Był jeden z ostatnich dni sierpnia. Świeciło słońce, choć prognozy mówiły, że niedługo rozpęta się burza. Maciej spieszył się do Torunia. Przed domem wsiadł w samochód i odjechał. Za nim została lekko uchylona furtka. A z niej jak dwie perły wyglądały psie oczy.
Agnieszka
Ledwo wyjechała z Torunia. Do Wrocławia jeszcze wiele kilometrów, więc dobrze będzie zatrzymać się po drodze na małe zakupy. Stanęła na parkingu przydrożnego marketu w Przysieku. Kiedy szła w kierunku sklepu, jej uwagę przykuł pies o jasno ubarwionej sierści węszący między samochodami. Szybko jednak wyrzuciła go z głowy i po skończonych zakupach wsiadła do auta. Pusia jednak nie dała o sobie zapomnieć na długo.
– Biegała za samochodami przy drodze, a gdy otworzyłam drzwi, to od razu wskoczyła do środka i powiedziała, że za skarby nie wysiada. Zachowywała się, jakby ktoś ją z samochodu wyrzucił. Była przy tym tak urocza, że od razu skradła moje serce – nie kryje Agnieszka.
Pusia
Kiedy samochód odjeżdżał sprzed domu, patrzyła na niego jeszcze przez chwilę. Gdy zniknął za zakrętem, postanowiła ruszyć za nim. Tropiąc swojego właściciela, pokonywała kolejne metry. Nie miała jednak szans dogonić samochodu. Okolica przestała być znajoma, a przydrożne drzewa nie przypominały już tych, wokół których biegała na co dzień. Szła przed siebie, rozglądając się niepewnie. Wypatrywała znajomego samochodu. Słońce zdążyło już schować się za chmurami. Zaczęło padać.
Instynkt powiódł ją do ruchliwej drogi i stojącego przy niej skupiska aut. Kluczyła między nimi, szukając tego jedynego. Węszyła za dobrze jej znanym zapachem, ale nos tym razem nie przynosił odpowiedzi. Ruszyła więc do drogi, licząc, że wśród przejeżdżających samochodów znajdzie ten, którego szuka. Deszcz coraz mocniej uderzał w ziemię. Z oddali dobiegały grzmoty. Przed Pusią zatrzymał się samochód. Kiedy drzwi się otworzyły, bez namysłu wskoczyła do środka.
Maciej
Minęły już trzy tygodnie, odkąd zniknęła. Pusia patrzyła na przechodniów z porozwieszanych na okolicznych słupach plakatów. Nadzieja na jej powrót z każdym dniem malała.

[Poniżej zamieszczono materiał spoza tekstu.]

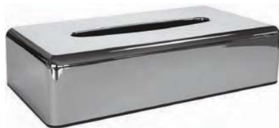
SCEK 10 A Dispensador pañuelos. Cromado. 26 x 14 x 6 cm.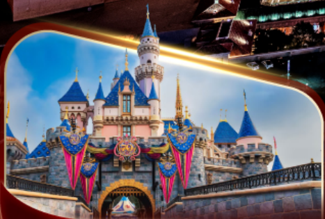
ดิสนีย์แลนด์พาร์ค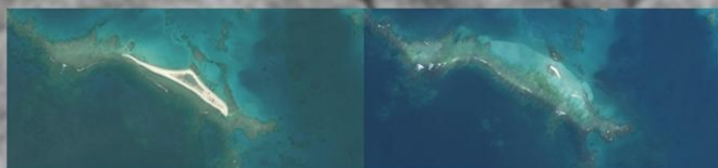
До и после урагана

Остров Ист, который входит в состав архипелага Гавайские острова, почти полностью ушел под воду после разрушительного урагана Валака. Ураган прошел еще в начале октября, однако данные об исчезновении острова ученые подтвердили только в конце месяца. Ураган относился к категории 4 по шкале потенциального ущерба, это соответствует значению «огромный». Специалисты ожидали, что Ист рано или поздно окажется под водой, однако полагали, что этот процесс займет несколько десятилетий. В реальности остров исчез практически за ночь. «Путь урагана не был результатом изменения климата, — сказал Чип Флетчер, — специалист по климату из Гавайского университета. — Однако его сила и время соответствуют эффектам от потепления океана и ростом глобальных температур, которые усиливают штормы». Площадь острова Ист составляла всего 4,45 гектара, основные материалы — песок и гравий. До 1952 года на нем была расположена радиолокационная станция береговой охраны США. Этот остров был важен как место гнездования гавайских зеленых морских черепах. Также на нем родилась часть популяции гавайских тюленей-монахов. Оба вида сейчас под угрозой исчезновения. Специалисты полагают, что большая часть животных в порядке, так как покинула остров до начала шторма. Климатологи не знают, выйдет ли Ист из-под воды снова. Даже если это произойдет, скорее всего, на восстановление погибших кораллов уйдет несколько лет.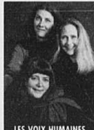
LES VOIX HUMAINES

HUME, COPERARIO, FERRABOSCO, SIMPSON, DOWLAND, JENKINS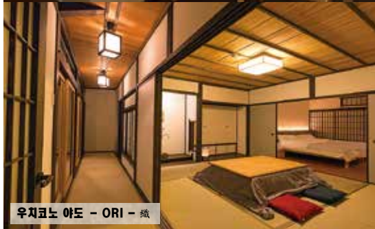
우치코노 아토 - ORI - 織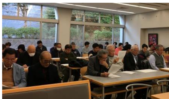
熱心に聞き入る総会出席者

◎ 上記以外の写真を八景会ホームページ「会員ログインページ(パスワード: hakkeikai60)」に多数掲載しています。ぜひご覧ください。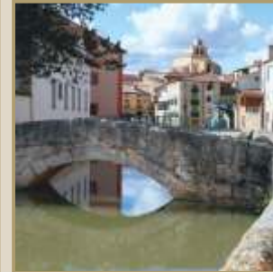
Puente medieval y paisaje urbano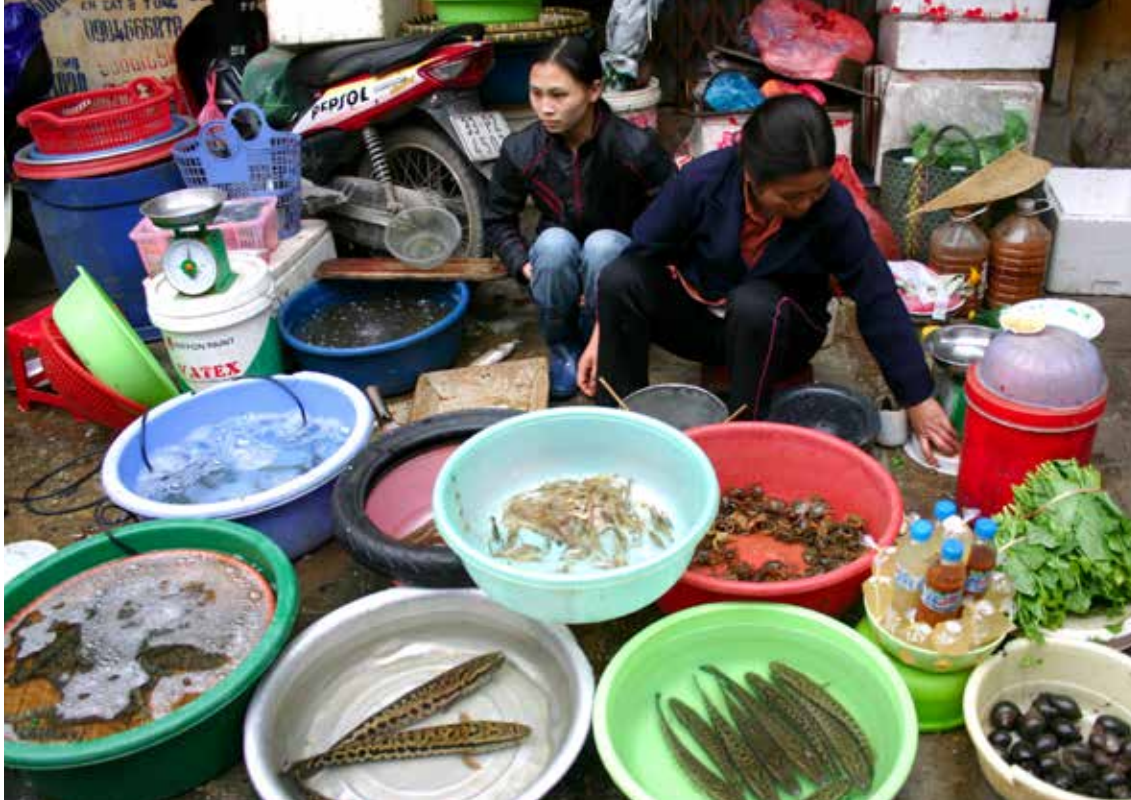
Hanojska tržnična ponudba

prometa nisem doživela nikjer drugje. No, vse ni tako čрно, saj se sčasoma privadiš razmeram, potem pa ti je to celo v zabavo, čeprav nevarno zabavo. Zabavni so lahko celo rahli trki, najraje dveh motoristk ali voznikov avtomobilov, sploh glasno prerekanje in komentarji očividcev. Ko bi le znala malo vietnamsko, da bi razumela.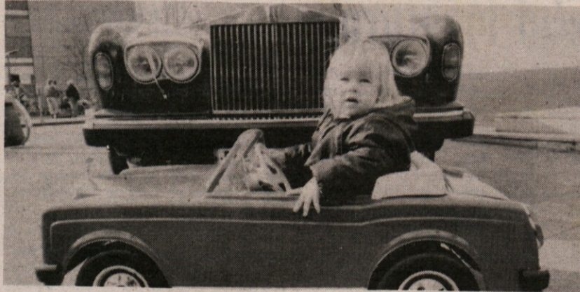
Zaenkrat se mali Anglež vozi v malem Rolls Roycu. Ko bo zrastel, si bo privoščil velikega, če bo sreča... (Telefoto AP)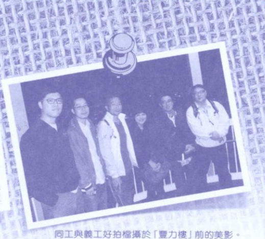
同工與義工好拍檔攝於「豐力樓」前的美影。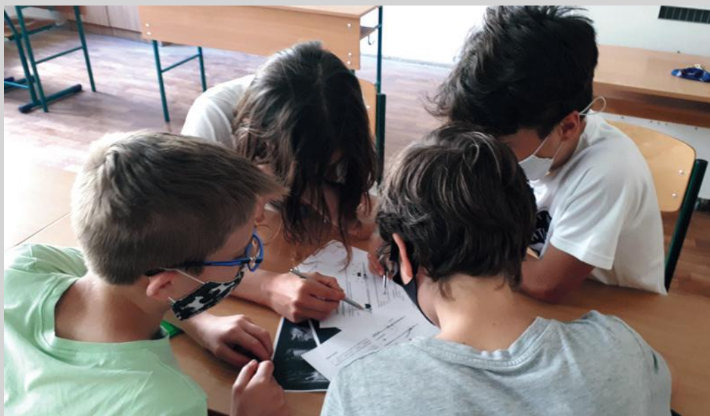
4. ábra. Sokféleség tisztelete, első szint – Az „Üdv nálunk!” c. feladat megoldása csoportos megbeszéléssel

úgy, hogy az a számára minél kedvezőbb legyen. A jó szervezőképességgel bíró egyén képes a teljesítendő feladatok között elsőbbségi sorrendet állítani a feladatok nehézsége, időigénye és fontossága alapján. Ez a képesség vonatkozik továbbá az emberek koordinálására is, azaz az egyén képes meglátni a társai erősségeit, gyengeségeit és ezek alapján megítélni a feladatok megoldására való alkalmasságát.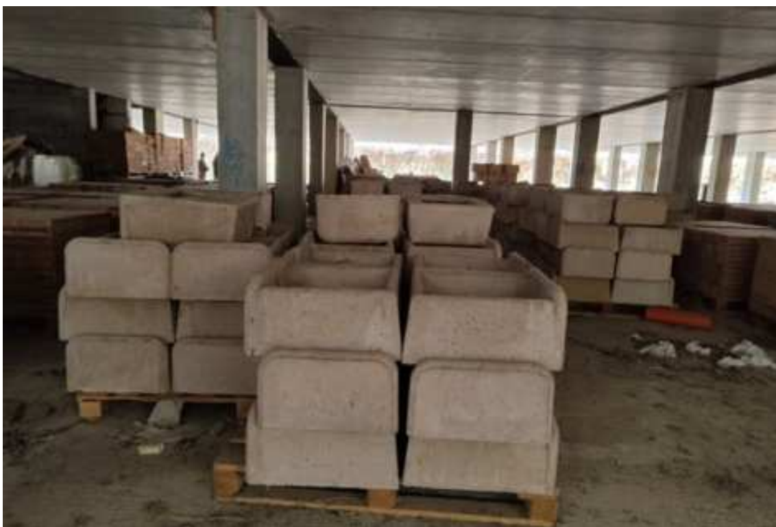
Fig.94 – Vista delle strutture del piano e del deposito di bancali di materiale edilizio (secondo piano interrato).

– Tak naprawdę straciliśmy wszyscy nadzieję. Jeździłem jej szukać, zostawiałem plakaty, rozmawiałem z sąsiadami, ale nikt jej nie widział – mówi Maciej.
„Pies przebywa we Wrocławiu. Dostał imię Molly i wszystko, czego potrzebuje”. Po trzech tygodniach te słowa dały nową nadzieję. I serię pytań.
– Nie miałem pojęcia, skąd Pusia mogła wziąć się we Wrocławiu. To jednak wyjaśniało, dlaczego nikt jej nigdzie nie zauważył – twierdzi Maciej.
W poszukiwania psa włączyła się także nasza redakcja. Na Facebooku „Poza Toruń” udostępniliśmy zdjęcie Pusi i wszystkie niezbędne informacje na jej temat. Nasi Czytelnicy chętnie zaangażowali się w sprawę i udostępniali nasz post. W internecie rozniósł się tak bardzo, że zobaczyła go nawet mieszkająca w stolicy Dolnego Śląska Agnieszka. I to właśnie dzięki niemu skontaktowała się z Maciejem.
W identyfikacji Pusi pomogła charakterystyczna plamka na nosie. Agnieszce trudno było rozstać się z psiakiem, ale zwróciła go bez wahania. Z Maciejem umówiła się na spotkanie w Poznaniu. Tam Pusia wreszcie zobaczyła znajomą twarz i samochód, który próbowała odnaleźć trzy tygodnie wcześniej na parkingu w Przysieku.
– Trudno opisać tę radość w oczach, kiedy na mnie spojrzała. I ja też cieszyłem się, że w końcu udało się ją odnaleźć. Teraz na pewno już zawsze będę pamiętał o furtce – śmieje się Maciej.